Published On: January 26, 2006
Rates, Apps Up

Average 30-year fixed rate 6.12%

January 26, 2006

By COCO SALAZAR

photo of Coco Salazar
Traffic continued to increase at mortgage shops, while rates started the upward path they are expected to follow throughout the year.

Departing from a six-consecutive-week decline, the 30-year fixed-rate mortgage average rose 2 basis points from last week to 6.12%, according to Freddie Mac’s Primary Mortgage Market Survey announced today.

“The miniscule rise in mortgage rates this week most likely reflects market expectations that the Federal Reserve … will once again raise rates next week,” explained Frank Nothaft, Freddie chief economist, in a written statement. “At the beginning of last week, financial markets priced in a 90 percent probability that the Fed would increase short-term rates. Today, the odds are statistically certain.”

The Mortgage Bankers Association’s latest long-term mortgage finance forecast has the 30-year averaging 6.3% through midyear, at 6.4% thereafter until falling back to 6.3% at year-end 2007, and all the way down to 6.0% by the third quarter 2008 before starting upward again.

The mortgage “experts” surveyed by Bankrate.com suggested that prospects lock their rates, as no one in the panel of 100 believe rates will decrease over the next 30 to 45 days, but 60% foresee a rise and the remaining 40% expect them to remain unchanged.

Up 3 BPS from a week ago, Freddie said the average for the 15-year came in at 5.70%.

Last year at this time, the reported spread between the 30-year and 15-year average was 10 BPS wider than the current 0.42% spread.

The 5-year Treasury-indexed hybrid adjustable-rate mortgage average remained at 5.75% this week, Freddie said.

The 1-year Treasury-indexed ARM average reportedly ticked up 2 BPS to 5.20% this week, Freddie reported. The 1-year Treasury bill yield itself jumped 9 BPS from 1 week prior to 4.51% Wednesday, the Federal Reserve said.

MBA predicts that the 1-year ARM will stay at its current average this quarter and end the year at 5.5%, where it will remain until it begins descending in the fourth quarter 2007.

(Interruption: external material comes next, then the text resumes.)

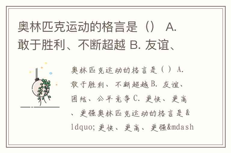 奥林匹克运动的格言是() A. 敢于胜利、不断超越 B. 友谊、团结、公平竞争 C. 更快、更高、更强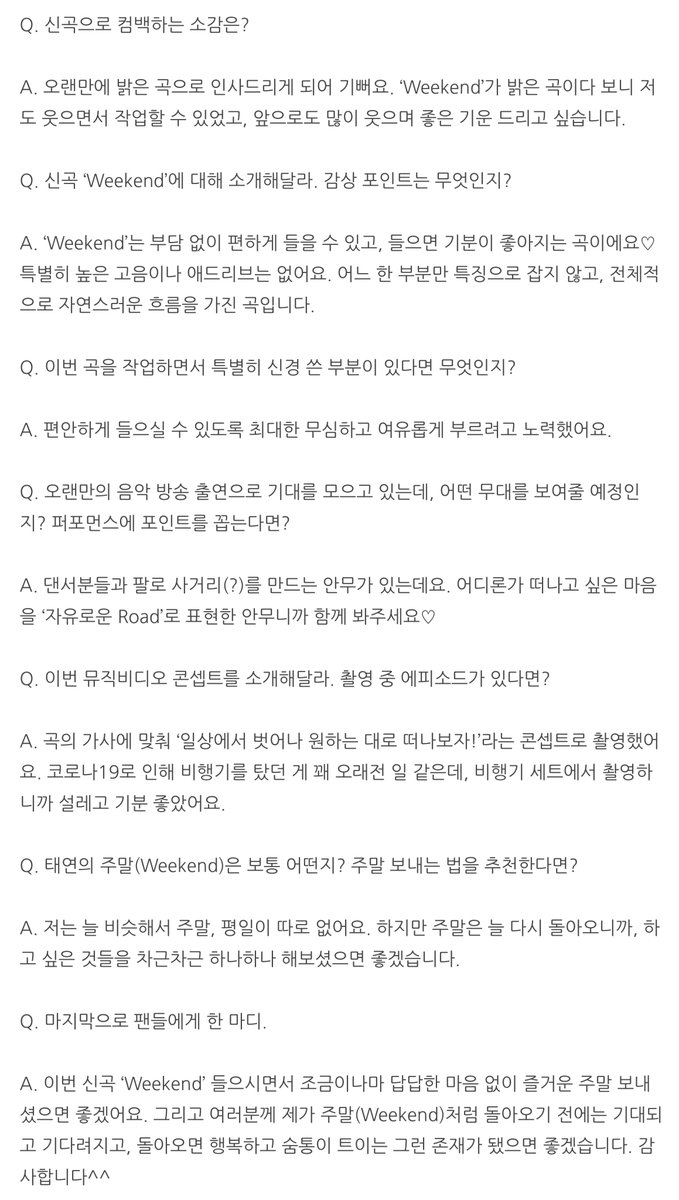 화수은화 على تويتر 태연 신곡 Weekend 일문일답

ARMs currently comprise 30% of total mortgage applications, MBA said.

Overall application volume improved from the prior week, as has been the case for three consecutive weeks now. The latest application activity upturn of nearly 8% reflects a 7% increase in demand for purchase money and an 8% boost in refinance requests. The refinance share, however, slipped from the prior week to 43% of total applications, MBA reported.

MBA expects purchase originations to total a record $1.49 trillion for 2005 and refinances to drop about 12% to make up the remainder of the projected $2.79 trillion total mortgage production — slightly above 2004’s level of $2.77 trillion.

For 2006, MBA predicts total volume will drop 20% as rising mortgage rates will shrink refinance originations by about 40%, and “a modest projected decline in home sales this year and still-healthy home price appreciation” will contribute to a 3% decrease in purchase fundings.